◆ **TRY IT**: Every line of the material is to be set down again without any change.

◆ **SUPPLIED RECORDS**:
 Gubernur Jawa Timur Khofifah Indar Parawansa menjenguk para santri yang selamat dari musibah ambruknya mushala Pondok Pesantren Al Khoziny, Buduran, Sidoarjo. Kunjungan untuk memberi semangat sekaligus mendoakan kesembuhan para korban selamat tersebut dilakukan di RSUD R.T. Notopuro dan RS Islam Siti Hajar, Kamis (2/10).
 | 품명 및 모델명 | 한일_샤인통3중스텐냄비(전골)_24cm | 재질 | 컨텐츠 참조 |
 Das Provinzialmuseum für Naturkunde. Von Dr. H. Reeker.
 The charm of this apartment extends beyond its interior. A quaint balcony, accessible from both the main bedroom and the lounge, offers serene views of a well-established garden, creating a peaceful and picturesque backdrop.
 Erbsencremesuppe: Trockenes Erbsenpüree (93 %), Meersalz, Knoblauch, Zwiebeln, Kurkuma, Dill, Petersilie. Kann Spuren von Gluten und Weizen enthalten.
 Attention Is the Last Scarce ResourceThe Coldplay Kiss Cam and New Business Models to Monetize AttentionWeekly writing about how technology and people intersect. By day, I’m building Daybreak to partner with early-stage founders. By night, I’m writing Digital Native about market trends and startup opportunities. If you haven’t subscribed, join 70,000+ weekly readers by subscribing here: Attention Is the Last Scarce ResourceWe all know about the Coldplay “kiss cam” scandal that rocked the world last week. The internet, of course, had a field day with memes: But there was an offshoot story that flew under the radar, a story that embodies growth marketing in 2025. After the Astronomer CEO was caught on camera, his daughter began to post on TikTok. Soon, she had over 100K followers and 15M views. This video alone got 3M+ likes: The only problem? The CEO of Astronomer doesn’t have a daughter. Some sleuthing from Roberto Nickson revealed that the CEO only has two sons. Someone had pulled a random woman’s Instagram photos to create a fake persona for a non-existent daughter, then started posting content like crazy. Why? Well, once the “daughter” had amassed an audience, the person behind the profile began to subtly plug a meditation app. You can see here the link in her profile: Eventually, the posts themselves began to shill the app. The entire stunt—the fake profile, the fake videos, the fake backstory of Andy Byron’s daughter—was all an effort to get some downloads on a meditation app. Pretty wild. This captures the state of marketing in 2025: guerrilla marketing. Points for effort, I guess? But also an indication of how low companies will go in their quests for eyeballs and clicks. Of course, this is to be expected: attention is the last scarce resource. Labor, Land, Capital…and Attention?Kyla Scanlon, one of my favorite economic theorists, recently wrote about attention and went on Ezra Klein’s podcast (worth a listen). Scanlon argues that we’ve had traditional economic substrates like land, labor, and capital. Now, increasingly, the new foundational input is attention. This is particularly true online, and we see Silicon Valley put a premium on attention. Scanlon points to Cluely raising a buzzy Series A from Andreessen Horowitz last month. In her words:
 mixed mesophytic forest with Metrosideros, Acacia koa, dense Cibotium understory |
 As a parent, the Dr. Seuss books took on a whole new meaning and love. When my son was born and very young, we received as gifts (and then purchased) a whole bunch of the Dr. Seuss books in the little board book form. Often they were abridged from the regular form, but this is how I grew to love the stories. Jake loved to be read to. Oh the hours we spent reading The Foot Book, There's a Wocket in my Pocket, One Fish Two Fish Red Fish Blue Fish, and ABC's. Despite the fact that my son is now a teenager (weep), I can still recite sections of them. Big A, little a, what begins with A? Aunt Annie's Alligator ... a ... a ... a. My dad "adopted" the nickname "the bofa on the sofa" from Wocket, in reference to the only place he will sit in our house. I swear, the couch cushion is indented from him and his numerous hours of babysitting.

◆ **EXERCISE OUTPUT**:
 Gubernur Jawa Timur Khofifah Indar Parawansa menjenguk para santri yang selamat dari musibah ambruknya mushala Pondok Pesantren Al Khoziny, Buduran, Sidoarjo. Kunjungan untuk memberi semangat sekaligus mendoakan kesembuhan para korban selamat tersebut dilakukan di RSUD R.T. Notopuro dan RS Islam Siti Hajar, Kamis (2/10).
 | 품명 및 모델명 | 한일_샤인통3중스텐냄비(전골)_24cm | 재질 | 컨텐츠 참조 |
 Das Provinzialmuseum für Naturkunde. Von Dr. H. Reeker.
 The charm of this apartment extends beyond its interior. A quaint balcony, accessible from both the main bedroom and the lounge, offers serene views of a well-established garden, creating a peaceful and picturesque backdrop.
 Erbsencremesuppe: Trockenes Erbsenpüree (93 %), Meersalz, Knoblauch, Zwiebeln, Kurkuma, Dill, Petersilie. Kann Spuren von Gluten und Weizen enthalten.
 Attention Is the Last Scarce ResourceThe Coldplay Kiss Cam and New Business Models to Monetize AttentionWeekly writing about how technology and people intersect. By day, I’m building Daybreak to partner with early-stage founders. By night, I’m writing Digital Native about market trends and startup opportunities. If you haven’t subscribed, join 70,000+ weekly readers by subscribing here: Attention Is the Last Scarce ResourceWe all know about the Coldplay “kiss cam” scandal that rocked the world last week. The internet, of course, had a field day with memes: But there was an offshoot story that flew under the radar, a story that embodies growth marketing in 2025. After the Astronomer CEO was caught on camera, his daughter began to post on TikTok. Soon, she had over 100K followers and 15M views. This video alone got 3M+ likes: The only problem? The CEO of Astronomer doesn’t have a daughter. Some sleuthing from Roberto Nickson revealed that the CEO only has two sons. Someone had pulled a random woman’s Instagram photos to create a fake persona for a non-existent daughter, then started posting content like crazy. Why? Well, once the “daughter” had amassed an audience, the person behind the profile began to subtly plug a meditation app. You can see here the link in her profile: Eventually, the posts themselves began to shill the app. The entire stunt—the fake profile, the fake videos, the fake backstory of Andy Byron’s daughter—was all an effort to get some downloads on a meditation app. Pretty wild. This captures the state of marketing in 2025: guerrilla marketing. Points for effort, I guess? But also an indication of how low companies will go in their quests for eyeballs and clicks. Of course, this is to be expected: attention is the last scarce resource. Labor, Land, Capital…and Attention?Kyla Scanlon, one of my favorite economic theorists, recently wrote about attention and went on Ezra Klein’s podcast (worth a listen). Scanlon argues that we’ve had traditional economic substrates like land, labor, and capital. Now, increasingly, the new foundational input is attention. This is particularly true online, and we see Silicon Valley put a premium on attention. Scanlon points to Cluely raising a buzzy Series A from Andreessen Horowitz last month. In her words:
 mixed mesophytic forest with Metrosideros, Acacia koa, dense Cibotium understory |
 As a parent, the Dr. Seuss books took on a whole new meaning and love. When my son was born and very young, we received as gifts (and then purchased) a whole bunch of the Dr. Seuss books in the little board book form. Often they were abridged from the regular form, but this is how I grew to love the stories. Jake loved to be read to. Oh the hours we spent reading The Foot Book, There's a Wocket in my Pocket, One Fish Two Fish Red Fish Blue Fish, and ABC's. Despite the fact that my son is now a teenager (weep), I can still recite sections of them. Big A, little a, what begins with A? Aunt Annie's Alligator ... a ... a ... a. My dad "adopted" the nickname "the bofa on the sofa" from Wocket, in reference to the only place he will sit in our house. I swear, the couch cushion is indented from him and his numerous hours of babysitting.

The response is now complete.